Serial in Arduino is now interrupt based.
This is why.

[frank26080115]

Does MultiWii plan on simply switching to using Serial.write to easily integrate with Arduino 1.0?

[timecop]

The sensible solution would be moving off Serial class alltogether especially with the conflicts it caused in spektrum input as well. Just import needed bits and modify. I don't think using new serial as-is will work, the buffering and stuff would need to be changed for serialize8/16 and OSD output.

[Alexinparis]

Hi,
I did some changes and uploaded a new dev snapshot compatible with arduino 1.0.
http://code.google.com/p/multiwii/downloads/list

There is however something I need to understand:
With this version of Arduino, the quality of my RC signal is worse (some minor variation).
I think is has something to do with an interrupt in the loop, which is handle differently (maybe the New Serial TX which is now interrupt driven)

[timecop]

Yes, they have more interrupts running in background now. It can only get worse.

[mgros]

Alex, with your new version activating SERVO TILT we have a compilation error.

[mbrak]

Hi

the Error in the Output section when compiling with the servo tilt option should be fixed with the following change:

line 352:

Code: Select all

 if ((rcOptions1 & activate1[BOXCAMSTAB]) || (rcOptions2 & activate2[BOXCAMSTAB])) {

rcOption was not declared. but you declared rcOptions1 and rcOption2

@alex please confirm that

[Alexinparis]

Hi

the Error in the Output section when compiling with the servo tilt option should be fixed with the following change:

line 352:

Code: Select all

 if ((rcOptions1 & activate1[BOXCAMSTAB]) || (rcOptions2 & activate2[BOXCAMSTAB])) {

rcOption was not declared. but you declared rcOptions1 and rcOption2

@alex please confirm that

Yes, there are still rcOption typo errors.
I didn't check servo tilt option with the 2 new AUX possibilities.

[Alexinparis]

The sensible solution would be moving off Serial class alltogether especially with the conflicts it caused in spektrum input as well. Just import needed bits and modify. I don't think using new serial as-is will work, the buffering and stuff would need to be changed for serialize8/16 and OSD output.

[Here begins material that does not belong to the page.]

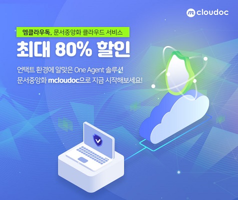 [아이티데일리] 문서중앙화 클라우드 서비스 전문기업 엠클라우독(대표 유상열)은 코로나19로 인해 비대면 업무 환경의 필요성이 높아짐에 따라 중소기업을 대상으로 문서중앙화 클라우드 서비스를 최대 80% 할인하는 프로모션을 진행한다고 27일 밝혔다.
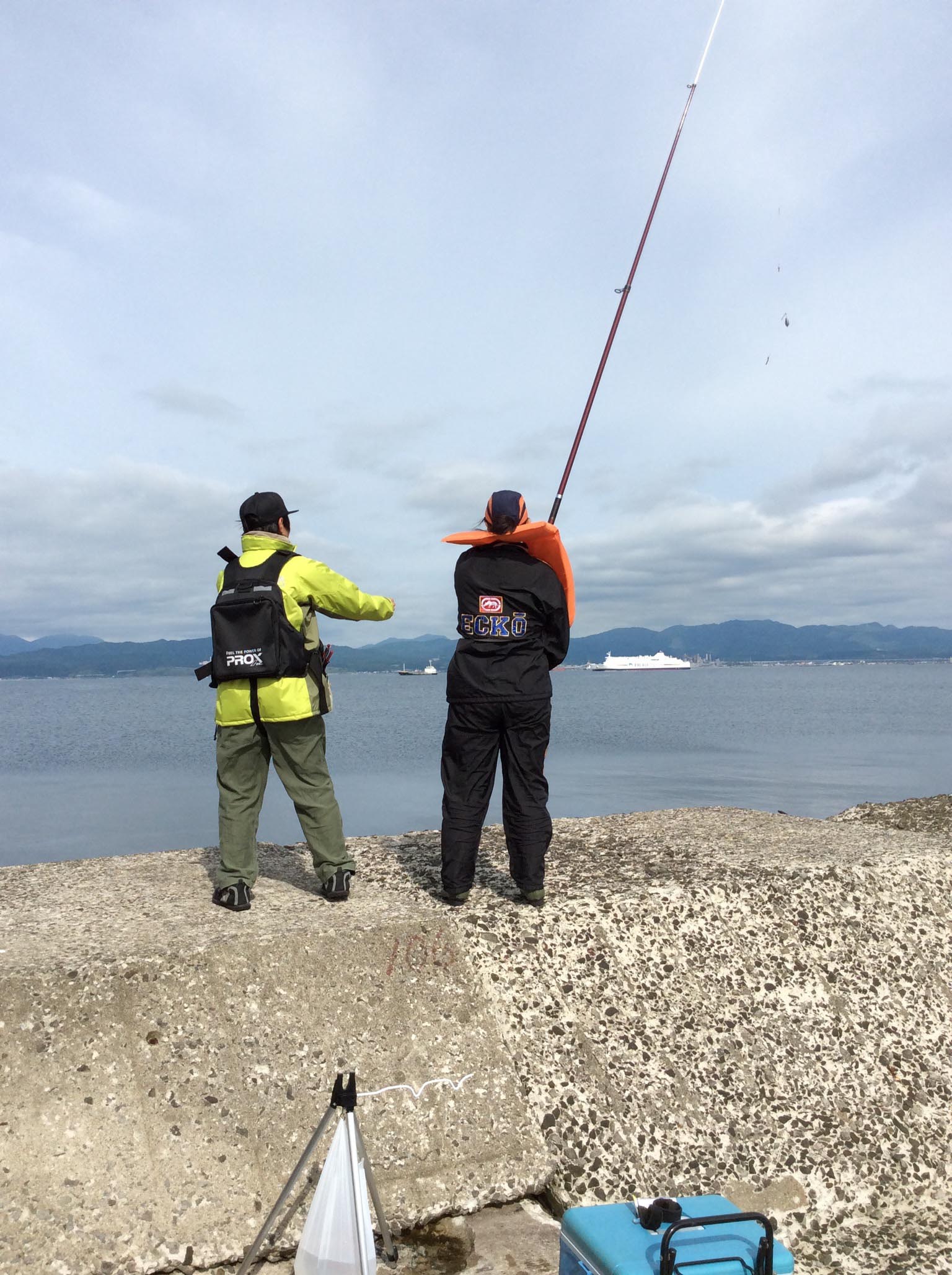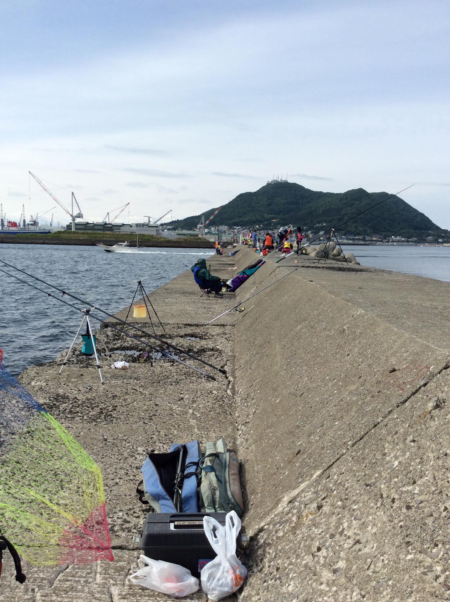 朝の集合。そして船に乗りこみます! 堤防まできましたら釣りの開始です!

This is exactly what I've just done (new upload in the trunk repository).
I won't rely anymore on Arduino Serial functions which are too much high level and not optimized.

Like I2C, there are now dedicated Serial functions in multiwii code.
The code compile fine with Arduino 1.0 and is jitter free on RC channels like before.

[Hamburger]

Alex,
the new Serial code does induce jitter/glitches/instability on motor output (or originally on sensor reads?) when sending serial data for telemetry. See my other thread for more info, please. We diagnosed it down to the new Serial code pretty sure now. But I cannot fix it any further now.
Cheers, Hamburger

[PatrikE]

My ATAVRSBIN1 produces 1000 I2C errors/sec...?
It works with 1.9 before all i2c_stop(); was introduced.

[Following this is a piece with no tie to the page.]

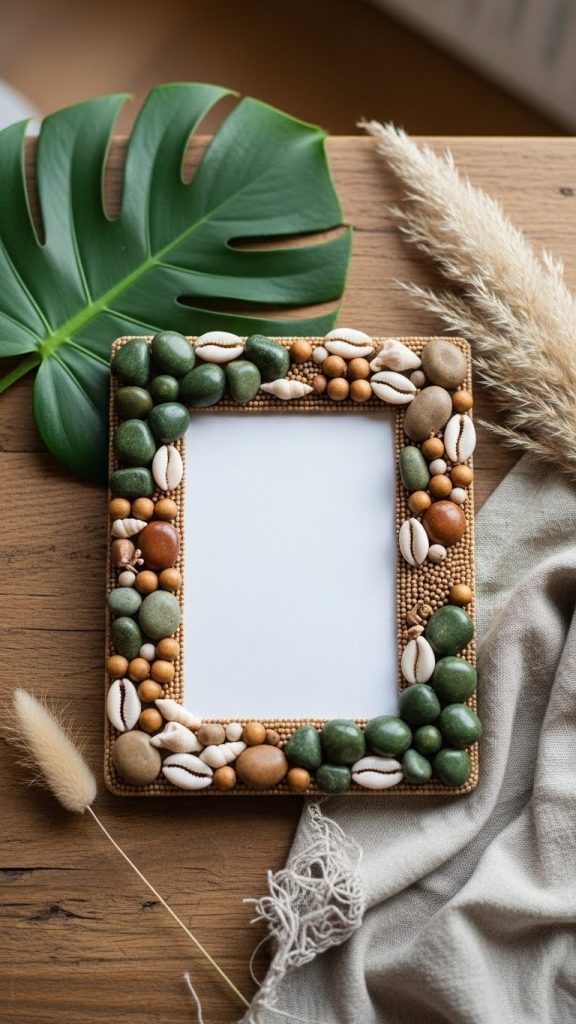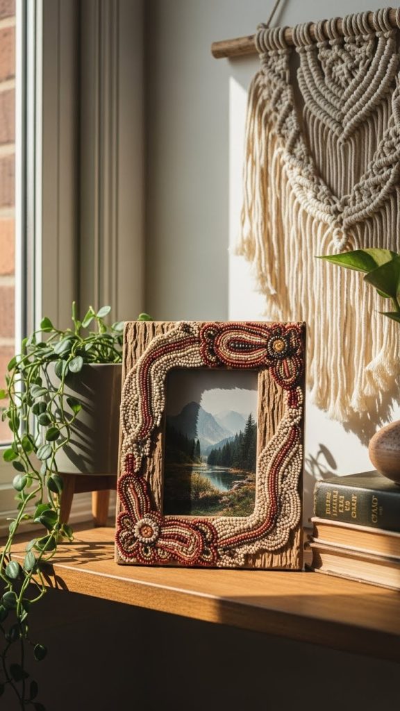 Nature inspired beaded frames bring organic beauty indoors. Use beads made from natural stones, shells, seeds, or wood. Earthy colors such as green, brown, tan, and muted blues work best for this style.
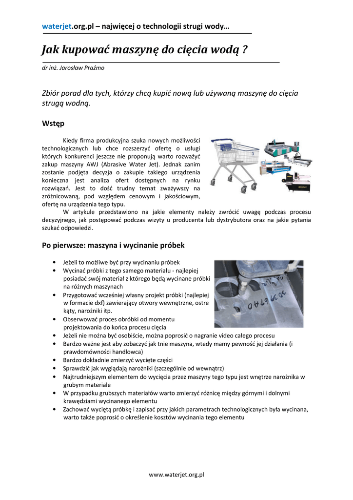 waterjet.org.pl – najwięcej o technologii strugi wody… Jak kupować maszynę do cięcia wodą ? dr inż. Jarosław Praźmo Zbiór porad dla tych, którzy chcą kupić nową lub używaną maszynę do cięcia strugą wodną. Wstęp Kiedy firma produkcyjna szuka nowych możliwości technologicznych lub chce rozszerzyć ofertę o usługi których konkurenci jeszcze nie proponują warto rozważyć zakup maszyny AWJ (Abrasive Water Jet). Jednak zanim zostanie podjęta decyzja o zakupie takiego urządzenia konieczna jest analiza ofert dostępnych na rynku rozwiązań. Jest to dość trudny temat zważywszy na zróżnicowaną, pod względem cenowym i jakościowym, ofertę na urządzenia tego typu. W artykule przedstawiono na jakie elementy należy zwrócić uwagę podczas procesu decyzyjnego, jak postępować podczas wizyty u producenta lub dystrybutora oraz na jakie pytania szukać odpowiedzi. Po pierwsze: maszyna i wycinanie próbek • • • • • • • • • • • Jeżeli to możliwe być przy wycinaniu próbek Wycinać próbki z tego samego materiału - najlepiej posiadać swój materiał z którego będą wycinane próbki na różnych maszynach Przygotować wcześniej własny projekt próbki (najlepiej w formacie dxf) zawierający otwory wewnętrzne, ostre kąty, narożniki itp. Obserwować proces obróbki od momentu projektowania do końca procesu cięcia Jeżeli nie można być osobiście, można poprosić o nagranie video całego procesu Bardzo ważne jest aby zobaczyć jak tnie maszyna, wtedy mamy pewność jej działania (i prawdomówności handlowca) Bardzo dokładnie zmierzyć wycięte części Sprawdzić jak wyglądają narożniki (szczególnie od wewnątrz) Najtrudniejszym elementem do wycięcia przez maszyny tego typu jest wnętrze narożnika w grubym materiale W przypadku grubszych materiałów warto zmierzyć różnicę między górnymi i dolnymi krawędziami wycinanego elementu Zachować wyciętą próbkę i zapisać przy jakich parametrach technologicznych była wycinana, warto także poprosić o określenie kosztów wycinania tego elementu www.waterjet.org.pl waterjet.org.pl – najwięcej o technologii strugi wody… Sprawdzić powtarzalność Powtarzalność to zdolność do powtarzalnej produkcji tego samego elementu z tą samą tolerancją. Nie osiągnie się swoich celów jeżeli będzie potrzeba wycinać element 5 razy zanim osiągnie się akceptowalny efekt. Sprawdzać powtarzalność robiąc kilka takich samych elementów w różnych punktach stołu maszyny. Można je położyć jeden na drugim i sprawdzić czy pokrywają się linie i krawędzie. Jeśli maszyna jest dobra, nie powinno być żadnej różnicy. Mierzyć rezultat Zawsze mierzyć wycinane części tak dokładnie jak to tylko możliwe. Precyzyjność maszyn AWJ jest dość wysoka - można nie zauważyć różnic gołym okiem. Warto sprawdzić krytycznie wymiary elementu, zobaczyć jak to się ma do projektu i porównać z danymi producenta maszyny. Nie porównywać jabłek z pomarańczami Zawsze wycinać ten sam element (wg tego samego projektu) z tego samego materiału na maszynach różnych producentów, wtedy łatwiej porównać pracę i dokładność różnych maszyn. Pozwoli to ocenić czas obróbki, precyzję, oraz końcową jakość. Producent maszyny będzie miał swoje próbki, ale zawsze należy się upewnić, że maszyna będzie w stanie wyciąć także nasz element. Liniowe prędkości cięcia Liniowe prędkości cięcia - szybkość poruszania się głowicy po linii prostej - nie odzwierciedlają prędkości z jaką faktycznie następuje proces przecinania. W przypadku precyzyjnej obróbki elementów potrzebne są zdecydowanie mniejsze prędkości co gwarantuje większą dokładność i jakość powierzchni przecinania (właściwości obróbkowe strumienia wodno-ściernego powodują konieczność zmniejszenia prędkości maszyny przy wycinaniu narożników i łuków tak aby wyciąć je dokładnie). Nie pytać - "Jak szybko maszyna tnie aluminium o grubości 80mm ?" Zapytać - "Ile czasu zajmie wycięcie tej części i jakiej się mogę spodziewać dokładności?" Poprosić o dowód w postaci wycięcia konkretnej części. Zapytać o koszty operacyjne Warto zapytać jakie są wszystkie koszty uruchomienia maszyny i oraz godzina jej efektywnej pracy. Największy wpływ na koszt roboczogodziny mogą mieć: koszt energii elektrycznej, wody, kanalizacji, ścierniwa oraz koszty serwisu, www.waterjet.org.pl waterjet.org.pl – najwięcej o technologii strugi wody… części zamiennych (dysz, uszczelnień pompy itp.), cena zakupu, a także praca operatora. Dokonać kalkulacji: ile dni pracy maszyny w miesiącu zajmie jej spłacenie. Poprosić kilku producentów o wycięcie tej samej próbki, wraz z podaniem kosztu i czasu jej wykonania. Prawdopodobnie uwidocznią się tu spore różnice wynikające z efektywności oprogramowania sterującego maszyną, zastosowanych głowic, użytych pomp i innych czynników. Poprosić producenta o dokładne dane kosztów pracy maszyny oraz wyszczególnienie co w tej cenie jest zawarte. Rozmawiać z klientami, którzy używają maszyny danego producenta Ludzie, którzy używają maszyny na co dzień najlepiej wiedzą jak ona działa. Warto zapytać ich o to: • Jak działa serwis i wsparcie techniczne ? • Jaki mają stosunek do producenta maszyny ? • Jakie "niespodzianki" odkryli podczas eksploatacji maszyny ? • Czy dostawca maszyny sprostał ich oczekiwaniom ? • Czy kupiliby jeszcze raz tą maszynę ? Jeśli jest się potencjalnym konkurentem osoby z którą rozmawiamy, można otrzymać nieprawdziwe informacje. Najlepiej porozmawiać z kimś z drugiego końca kraju, lub z osobą działającą w zupełnie innej branży. Można poprosić także producenta maszyn o referencje, lub znaleźć kogoś kto nie dał im referencji. Należy również pamiętać, że ludzie rzadko przyznają się do błędnych decyzji zakupowych i mogą próbować przekon

Iw'e teasted all combinatinons with internal pullups and I2C speed.
It's conected via an LLC without Diod on D12 .

It was flying almost perfect on 1.9 before!

Whats happend.?
/Patrik

[Danal]

Sorry guys, i've been totally offline with some family issues. I'm back.


As of the introduction of the Spektrum code, which is interrupt based, the Multiwii sketch contains a copy of the Arduino-0022 serial library in the serial tab. This was required because Arduino core has ABSOLUTELY no way to override or share an interrupt. Therefore, we copied the entire core library and added #ifdefs to suppress the core interrupt handlers when certain things are defined in Multiwii.

This means that, when a new Arduino release ships, the core serial library must be re-copied into the Multiwii serial tab and the #ifdefs put in place again. To make this as easy as possible, my rule is to NEVER change the library code at all. Not even one line or one character. Just add the #ifdefs to fully remove entire blocks of code when appropriate.

So, now that I am back, I will do this in shared.

Danal

[ziss_dm]

Hi Danal,

Why we need interrupt based handler for Spectrum? As I understand it sends 16 bytes frames every 11ms?
It would be simpler to handle this from main loop (Same as SBUS).

regards,
ziss_dm

[Danal]

Hi Danal,

Why we need interrupt based handler for Spectrum? As I understand it sends 16 bytes frames every 11ms?
It would be simpler to handle this from main loop (Same as SBUS).

regards,
ziss_dm

The spektrum data stream does not contain any for of "sync" byte, and really doesn't contain any byte or bytes that are consistent in any way. It is not possible to figure out where the "start of frame" is via any type of data content pattern matching. Instead, exact timing is used to figure out the start of frame. Using any form of built-in interrupt handler, or polling the USART for bytes, 'hides' the timing.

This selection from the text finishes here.